WORK REQUEST >> Take the line containing "Men's Movado Heritage" and each line after it through the end of the data below, and return them exactly, minus any pictures.

TASK INPUT >>
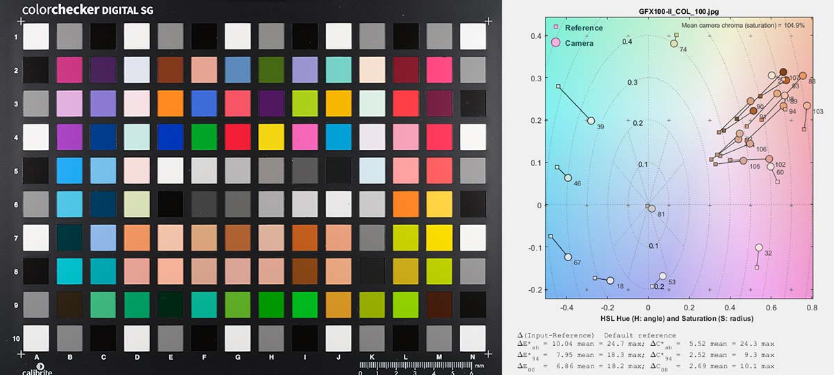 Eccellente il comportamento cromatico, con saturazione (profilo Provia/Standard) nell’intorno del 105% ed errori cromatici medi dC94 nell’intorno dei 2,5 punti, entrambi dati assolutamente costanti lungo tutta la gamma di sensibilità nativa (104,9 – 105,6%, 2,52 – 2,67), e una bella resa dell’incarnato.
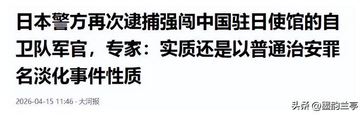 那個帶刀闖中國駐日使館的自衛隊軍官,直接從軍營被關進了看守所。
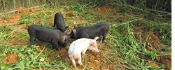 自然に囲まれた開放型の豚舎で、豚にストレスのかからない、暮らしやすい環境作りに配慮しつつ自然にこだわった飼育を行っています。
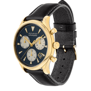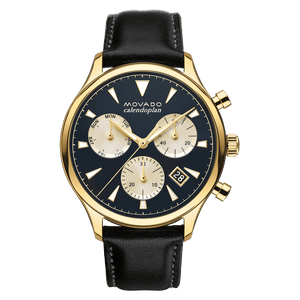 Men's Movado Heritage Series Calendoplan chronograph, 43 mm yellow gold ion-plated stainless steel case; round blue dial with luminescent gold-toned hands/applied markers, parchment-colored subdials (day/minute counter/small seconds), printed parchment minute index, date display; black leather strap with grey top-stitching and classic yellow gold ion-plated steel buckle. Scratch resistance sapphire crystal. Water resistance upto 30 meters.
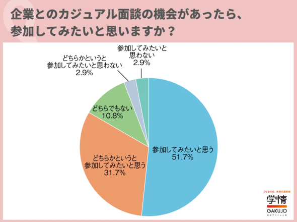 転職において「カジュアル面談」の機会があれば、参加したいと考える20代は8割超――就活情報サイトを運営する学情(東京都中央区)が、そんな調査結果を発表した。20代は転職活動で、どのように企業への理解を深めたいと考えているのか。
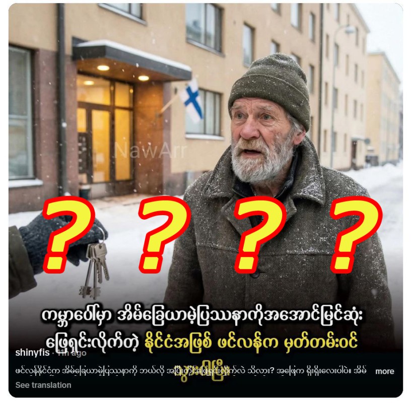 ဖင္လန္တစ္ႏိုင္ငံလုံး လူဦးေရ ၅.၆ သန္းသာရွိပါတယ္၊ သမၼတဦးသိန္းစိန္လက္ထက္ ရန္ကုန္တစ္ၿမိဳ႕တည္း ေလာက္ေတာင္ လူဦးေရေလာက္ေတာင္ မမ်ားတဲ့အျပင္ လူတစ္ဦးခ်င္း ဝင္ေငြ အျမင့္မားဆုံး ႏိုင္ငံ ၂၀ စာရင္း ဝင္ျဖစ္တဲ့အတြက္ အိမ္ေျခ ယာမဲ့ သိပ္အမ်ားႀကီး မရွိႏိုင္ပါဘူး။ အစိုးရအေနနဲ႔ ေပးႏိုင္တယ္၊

ANSWER AREA >>
 Men's Movado Heritage Series Calendoplan chronograph, 43 mm yellow gold ion-plated stainless steel case; round blue dial with luminescent gold-toned hands/applied markers, parchment-colored subdials (day/minute counter/small seconds), printed parchment minute index, date display; black leather strap with grey top-stitching and classic yellow gold ion-plated steel buckle. Scratch resistance sapphire crystal. Water resistance upto 30 meters.
 転職において「カジュアル面談」の機会があれば、参加したいと考える20代は8割超――就活情報サイトを運営する学情(東京都中央区)が、そんな調査結果を発表した。20代は転職活動で、どのように企業への理解を深めたいと考えているのか。
 ဖင္လန္တစ္ႏိုင္ငံလုံး လူဦးေရ ၅.၆ သန္းသာရွိပါတယ္၊ သမၼတဦးသိန္းစိန္လက္ထက္ ရန္ကုန္တစ္ၿမိဳ႕တည္း ေလာက္ေတာင္ လူဦးေရေလာက္ေတာင္ မမ်ားတဲ့အျပင္ လူတစ္ဦးခ်င္း ဝင္ေငြ အျမင့္မားဆုံး ႏိုင္ငံ ၂၀ စာရင္း ဝင္ျဖစ္တဲ့အတြက္ အိမ္ေျခ ယာမဲ့ သိပ္အမ်ားႀကီး မရွိႏိုင္ပါဘူး။ အစိုးရအေနနဲ႔ ေပးႏိုင္တယ္၊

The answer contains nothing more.